Solving Angular Momentum Problems with Linear & Angular Acceleration

[staf9]

I know this sounds weird, but I studied QM and GR before classical physics, and I'm just lost when it comes to angular momentum problems.

Homework Statement

A sphere is moving along a lane. It slides initially then rolls. The initial speed is $$V_{cm}$$ and initial angular speed $$\omega$$. The coefficient of kinetic friction between the ball and the lane is also known. The kinetic frictional force acting on the ball causes a linear acceleration of the ball while producing a torque that causes an angular acceleration of the ball. When $$V_{cm}$$ has decreased enough and $$\omega$$ has increased enough, the ball stops sliding and rolls smoothly.

Given: $$V_{cm}$$ initial, $$\omega$$ initial, $$\mu$$k.

What is $$V_{cm}$$ in terms of $$\omega$$?

While the ball is sliding, what is the ball's linear and angular acceleration?

How Long does the ball slide?

How Far does the ball slide?

What is the linear speed of the ball when smooth rolling begins?

Homework Equations

We know since it is sliding initially that the initial angular speed is zero

R$$f_{s}$$ = $$I_{cm}$$$$\alpha$$

Beyond this, I'm lost.

 

[Astronuc]

The friction is a product of $\mu_k$ and the weight (mg) or normal force to the horizontal surface.
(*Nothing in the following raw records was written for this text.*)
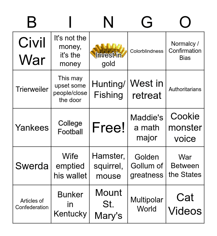 This bingo card has 2 images, a free space and 29 words: Articles of Confederation, Rugby, College Football, Boomers are evil, Civil War, Invest in gold, This may upset some people/close the door, Wife emptied his wallet, Maddie's a math major, Bunker in Kentucky, Cookie monster voice, Cat Videos, Mount St. Mary's, Multipolar World, Authoritarians, Mr. Vanderwooed, Hamster, squirrel, mouse, Swerda, Normalcy / Confirmation Bias, Yankees, Golden Gollum of greatness, Ultramontanists, West in retreat, Trierweiler, Colorblindness, It's not the money, it's the money, War Between the States, Hunting/ Fishing and Gen Z & Trades.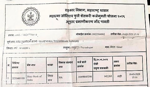 बॅंकेतून कुठलेही कर्ज न उचलता राजेंद्र बावणे यांच्यावर पीककर्ज लादल्या गेले. हे कर्ज महात्मा ज्योतिबा फुले शेतकरी कर्जमुक्ती योजनेतून 18 मार्च 2020 रोजी आधार प्रमाणीकरण नोंद करून माफ करण्यात आले. कर्जमुक्ती योजनेतून आधार प्रमाणीकरण नोंद पावती 3255005108 क्रमांकानुसार कर्ज खाते क्रमांक 35898845390 आहे. 30 सप्टेंबर 2019 रोजी राजेंद्र बावणे यांच्याकडे एक लाख 42 हजार 263 रुपये एकूण कर्जाची थकबाकी असल्याचे दर्शविले होते.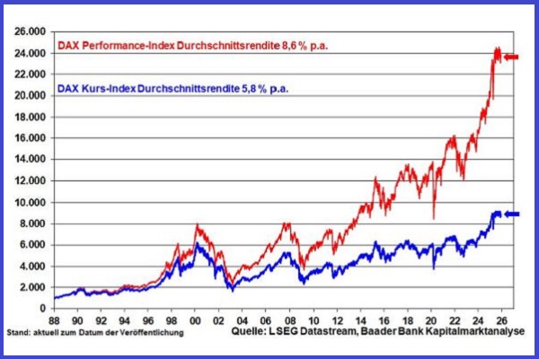 2026 wird wieder ein grundsätzlich guter Dividendenjahrgang, selbst wenn es in der Autobranche zu Kürzungen kommt. So setzen große Kapitalsammelstellen und Pensionskassen Unternehmen unter Druck, möglichst ausschüttungsstark zu bleiben. Vergleicht man die Renditen des reinen Kurs-DAX mit dem bekannteren Performance-DAX, der Ausschüttungen einrechnet und Wiederanlage unterstellt, erkennt man die langfristig hohe Attraktivität des Dividendeneffekts als Zinseszinseffekt.

The friction causes the ball to decelerate in terms of linear or translational motion while all causing the wall to increase in rotational velocity, i.e. the friction induces angular acceleration.

For moments of inertia, see - http://hyperphysics.phy-astr.gsu.edu/hbase/mi.html, and
http://hyperphysics.phy-astr.gsu.edu/hbase/isph.html#sph

The ball stops sliding when Vcm = $\omega$r, i.e. the tangential speed at the radius = translational speed.

 

[ogb p]

I understand that angular momentum is a fundamental concept in classical physics and is often used to describe the rotational motion of objects. In this problem, we are dealing with a sphere that is initially sliding and then transitions to smooth rolling. To solve this problem, we can use principles of both linear and angular acceleration.

First, we can use the coefficient of kinetic friction and the known initial speed and angular speed to calculate the linear and angular acceleration of the ball. The linear acceleration can be found using the equation F = ma, where F is the frictional force and m is the mass of the ball. The angular acceleration can be found using the equation \alpha = \frac{F}{I_{cm}}, where I_{cm} is the moment of inertia of the ball.

Next, we can use the relationship between linear and angular acceleration, a = \alpha r, to find the radius of the ball's motion. This radius will also be the distance the ball travels while sliding before it transitions to smooth rolling.

To find the time it takes for the ball to slide, we can use the equation v = u + at, where v is the final speed (which is zero when the ball stops sliding), u is the initial speed (V_{cm}), and a is the linear acceleration we calculated earlier.

Finally, to find the linear speed of the ball when smooth rolling begins, we can use the equation v = \omega r, where \omega is the final angular speed (which we can calculate using the relationship \omega = \omega_{initial} + \alpha t) and r is the radius of the ball's motion.

In summary, to solve this problem, we need to use principles of both linear and angular acceleration, as well as the relationship between them, to calculate the various quantities such as linear and angular acceleration, distance, time, and final linear speed. I hope this explanation helps you understand the process of solving angular momentum problems.